(Given data begins)

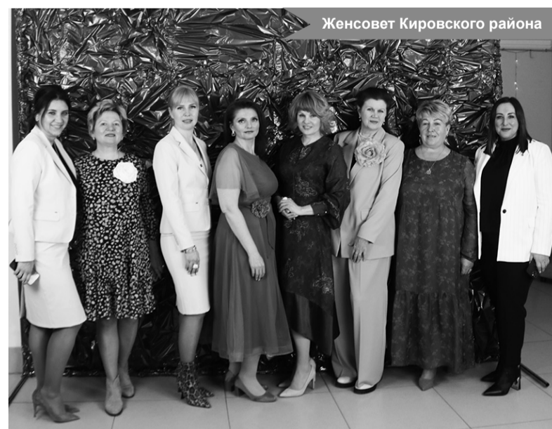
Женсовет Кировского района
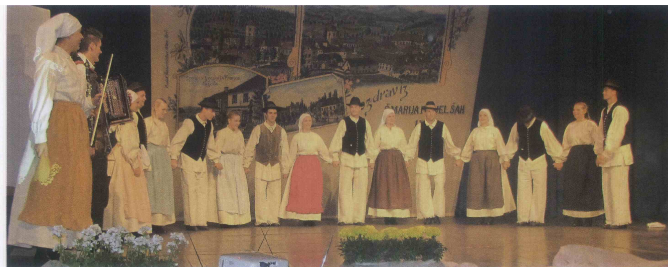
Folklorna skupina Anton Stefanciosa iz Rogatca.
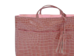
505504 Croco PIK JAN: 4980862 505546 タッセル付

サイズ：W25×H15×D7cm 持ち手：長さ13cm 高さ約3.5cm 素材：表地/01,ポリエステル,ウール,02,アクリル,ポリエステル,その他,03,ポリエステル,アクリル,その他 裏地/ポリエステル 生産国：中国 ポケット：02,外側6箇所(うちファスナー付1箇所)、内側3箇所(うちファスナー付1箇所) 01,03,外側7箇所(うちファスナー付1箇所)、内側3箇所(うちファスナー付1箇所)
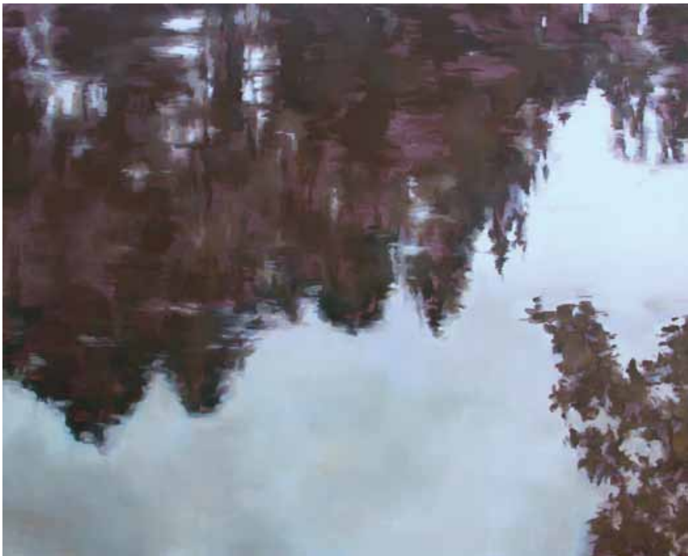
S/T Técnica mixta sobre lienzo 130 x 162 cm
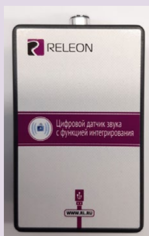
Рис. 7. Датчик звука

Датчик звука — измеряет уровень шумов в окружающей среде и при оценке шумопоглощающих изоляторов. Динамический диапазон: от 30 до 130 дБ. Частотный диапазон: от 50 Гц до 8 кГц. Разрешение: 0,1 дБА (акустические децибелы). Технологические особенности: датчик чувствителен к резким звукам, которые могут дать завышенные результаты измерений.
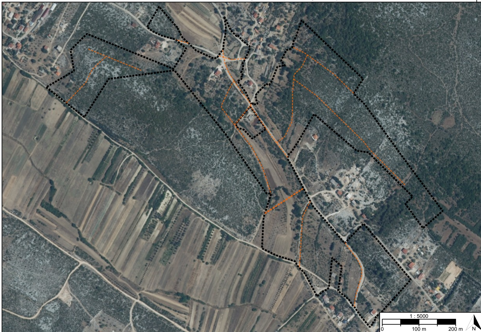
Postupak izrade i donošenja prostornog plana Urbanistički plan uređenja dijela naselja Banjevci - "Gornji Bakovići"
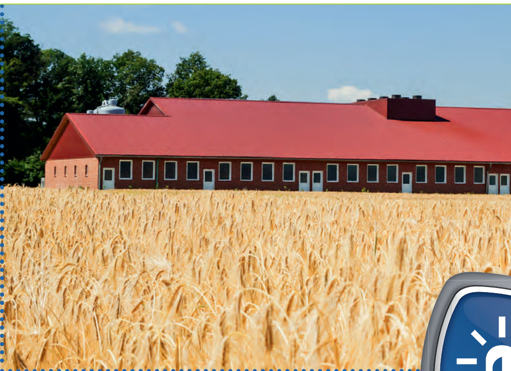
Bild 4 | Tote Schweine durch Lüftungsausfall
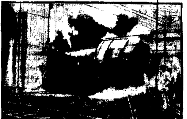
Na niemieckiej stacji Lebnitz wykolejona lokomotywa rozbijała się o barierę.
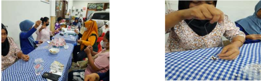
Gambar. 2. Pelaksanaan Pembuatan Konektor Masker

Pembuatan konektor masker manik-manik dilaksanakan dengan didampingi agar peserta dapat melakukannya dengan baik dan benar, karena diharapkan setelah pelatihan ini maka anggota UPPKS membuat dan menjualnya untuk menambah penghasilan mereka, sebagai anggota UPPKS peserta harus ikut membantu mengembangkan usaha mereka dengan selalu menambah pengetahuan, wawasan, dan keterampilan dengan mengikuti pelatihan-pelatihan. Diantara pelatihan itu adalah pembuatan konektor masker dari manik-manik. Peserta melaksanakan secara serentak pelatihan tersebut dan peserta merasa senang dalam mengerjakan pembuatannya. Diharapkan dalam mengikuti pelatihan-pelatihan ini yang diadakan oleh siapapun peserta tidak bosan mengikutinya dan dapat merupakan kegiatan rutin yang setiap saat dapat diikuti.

(Given data ends)

Given the records above, return the lines starting at the one that holds "Postupak izrade i" and ending at the one that holds "Gambar. 2. Pelaksanaan", exactly, and nothing besides; leave every picture out.

Postupak izrade i donošenja prostornog plana Urbanistički plan uređenja dijela naselja Banjevci - "Gornji Bakovići"
Bild 4 | Tote Schweine durch Lüftungsausfall
Na niemieckiej stacji Lebnitz wykolejona lokomotywa rozbijała się o barierę.
Gambar. 2. Pelaksanaan Pembuatan Konektor Masker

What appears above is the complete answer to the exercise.